INTRODUCTION TO TEST THEORY



INTRODUCTION TO TEST THEORY

Education 252

Spring 2006

MWF 9:00-10:30, School of Education Building, room 208

Instructor: Edward Haertel haertel@stanford.edu

office: e331 650-725-1251

home: 650-494-6432

(Office hours by arrangement, individual or small group)

Teaching Assistant: Xuejun (Ina) Shen xuejuns@stanford.edu

cell: 650-387-1226

This course introduces classical test theory, including definitions and formulas for test reliability, standard error of measurement, and related statistics. Additional topics include test validity, item statistics useful in test construction, score scales and norms commonly used in educational testing, item bias and test bias, and ideas of fairness and equity in educational and psychological testing. Factor analysis as well as the major extensions and alternatives to classical test theory, generalizability theory and item response theory (latent trait theory), are briefly introduced.

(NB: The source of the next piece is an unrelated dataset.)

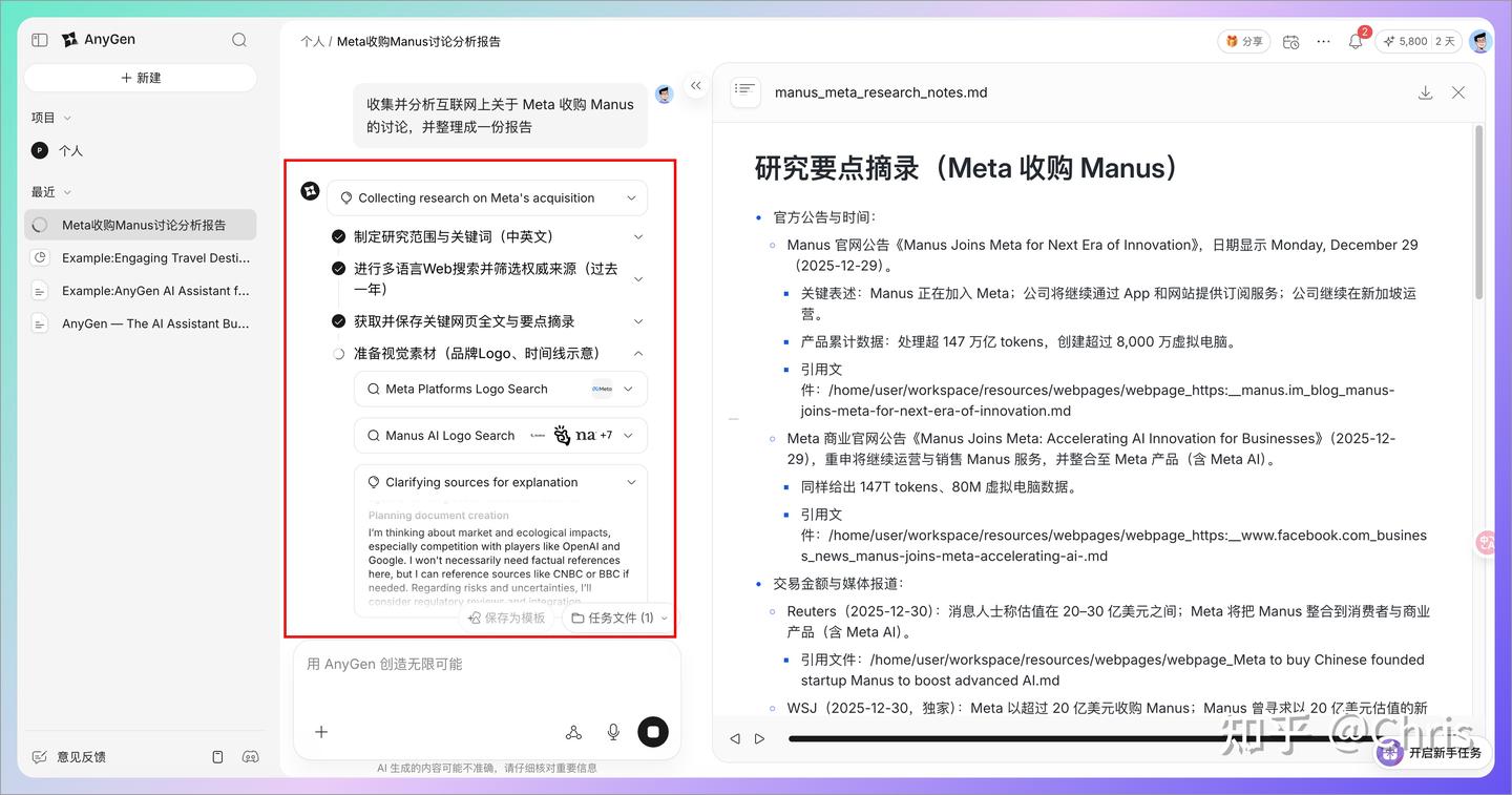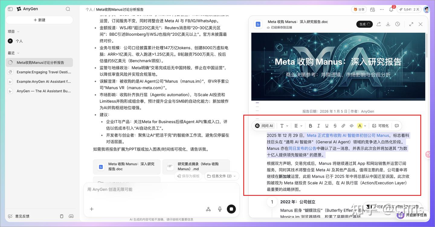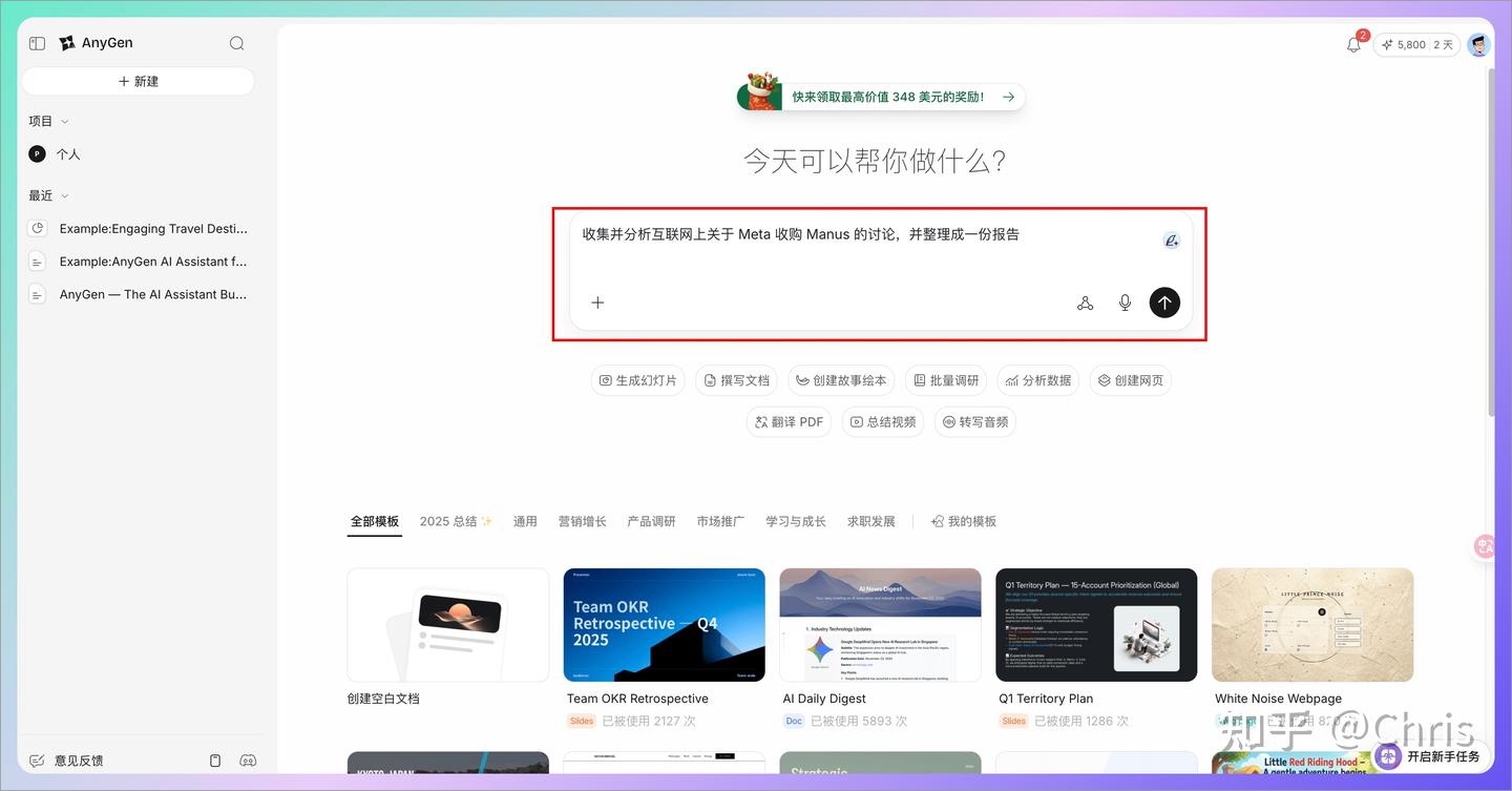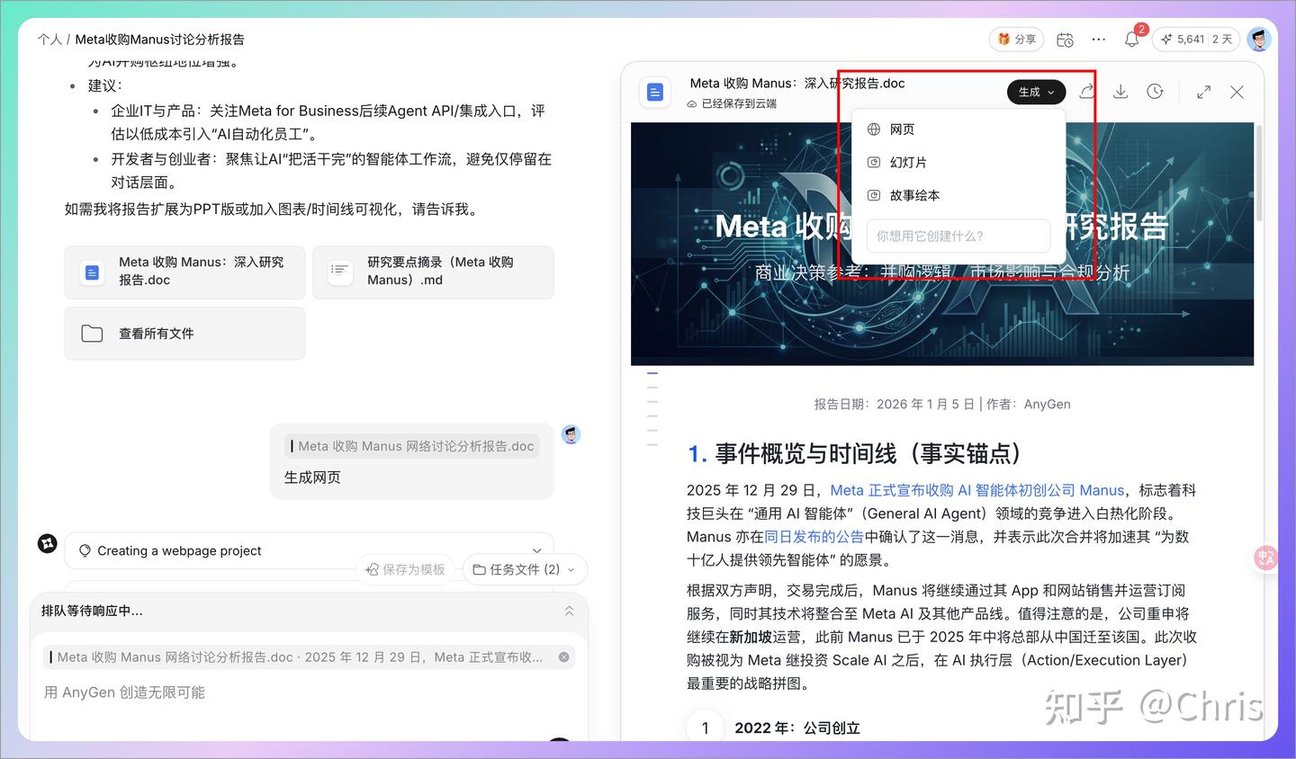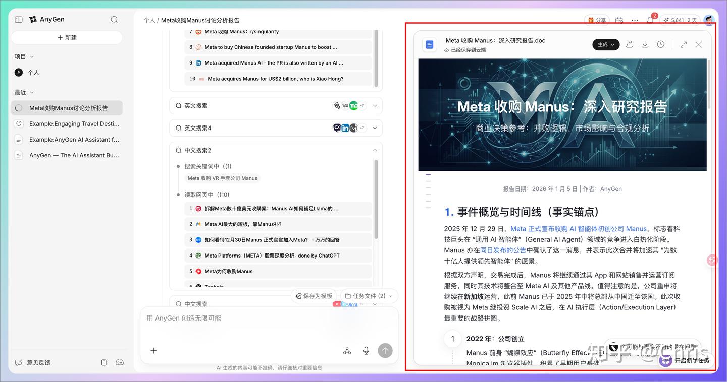 接下来一起体验一下 AnyGen,Chris 针对最近 Manus 事件,让 AnyGen 做一个测试,任务为:

This course is intended to equip students to read the literature in their own substantive areas more critically, to use tests more intelligently in research, and to pursue further studies in psychometrics. It is prerequisite to Education 353A (Item Response Theory) and Education 353C (Generalizability Theory). Although the focus of the course is on paper-and-pencil measures of cognitive abilities and academic achievement, most of the concepts and methods developed apply equally to performance testing, as well as the assessment of attitudes and personality constructs, ratings based on systematic observations, and other kinds of assessments of individuals or groups.

Materials

The text for the course is Introduction to Classical and Modern Test Theory,

by Linda Crocker and James Algina (1986).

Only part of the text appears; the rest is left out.